I already have drawings for this, but have abandoned them since the top plate is so close to the bag. Under any real camber, I am afraid the plate is going to hit the top of the bag. Unless we could figure out spacers or something, but then the main shaft might be too short.


----------



## Lawn_Mower (Jul 15, 2008)

PatientlyWaiting said:


> I already have drawings for this, but have abandoned them since the top plate is so close to the bag. Under any real camber, I am afraid the plate is going to hit the top of the bag. Unless we could figure out spacers or something, but then the main shaft might be too short.

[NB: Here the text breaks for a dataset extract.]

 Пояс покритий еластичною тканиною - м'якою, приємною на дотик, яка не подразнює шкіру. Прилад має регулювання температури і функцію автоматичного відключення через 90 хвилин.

I wish there was some way to get it done.


----------



## kevin splits (Aug 23, 2010)

Any updates?


----------



## [email protected] (Aug 22, 2006)

Not just yet, sir.

We are hoping to have some 'solid' updates in the near future!

Thanks,
Andrew


----------



## dhenry (Feb 10, 2009)

just saw this thread and made my day.
i currently run BOC with the same type of adjustable options, but i need moar lift.
i will be interested in getting these when they come out:beer:


----------



## najob08 (Apr 28, 2008)

I'd buy MK4 versions in a heart beat.


----------



## kevin splits (Aug 23, 2010)

Updates?


----------



## dub-Nation (Jan 31, 2001)

You have my full support! :thumbup:


----------



## dsm1983 (Aug 8, 2009)

Planning on ditching my coilovers for air in the not _TOO_ distant future. Looks like this would be my setup of choice.


----------



## [email protected] (Aug 22, 2006)

kevin FaKiN spLits said:


> Updates?


We've passed along our info/data to AirLift and hope to hear back from them soon!



dub-Nation said:


> You have my full support! :thumbup:


Thanks Bernie, shot you a pm :beer: 




dsm1983 said:


> Planning on ditching my coilovers for air in the not _TOO_ distant future. Looks like this would be my setup of choice.


Thanks for your support! Hopefully we can get these into production soon!


----------



## dsm1983 (Aug 8, 2009)

pm sented


----------



## mike.snipe (Jan 17, 2012)

Are the bags actually adjustable on the body??? I don't think they really are. I installed an Air Lift kit on an Audi a few weeks ago for a friend and I don't remember being able to thread the bag on the body itself, just the bodies. Other than taking the bag off of the strut. The bags aren't built like Universal Air's bags as far as I know so threading the bag up and down doesn't seem possible at all. I could be wrong on this.... maybe

So the threaded body is the only adjustment your going to get. My guess is most guys will thread the mount down all the way. My belief is it will not go any lower than the original kits air lift was selling a couple of years ago that Jesse sold me. The car sat about an inch, inch and an eighth higher than the xl's. That would be at the lowest point. Which means your ride height would actually be a little higher to be at a prime pressure for real driving.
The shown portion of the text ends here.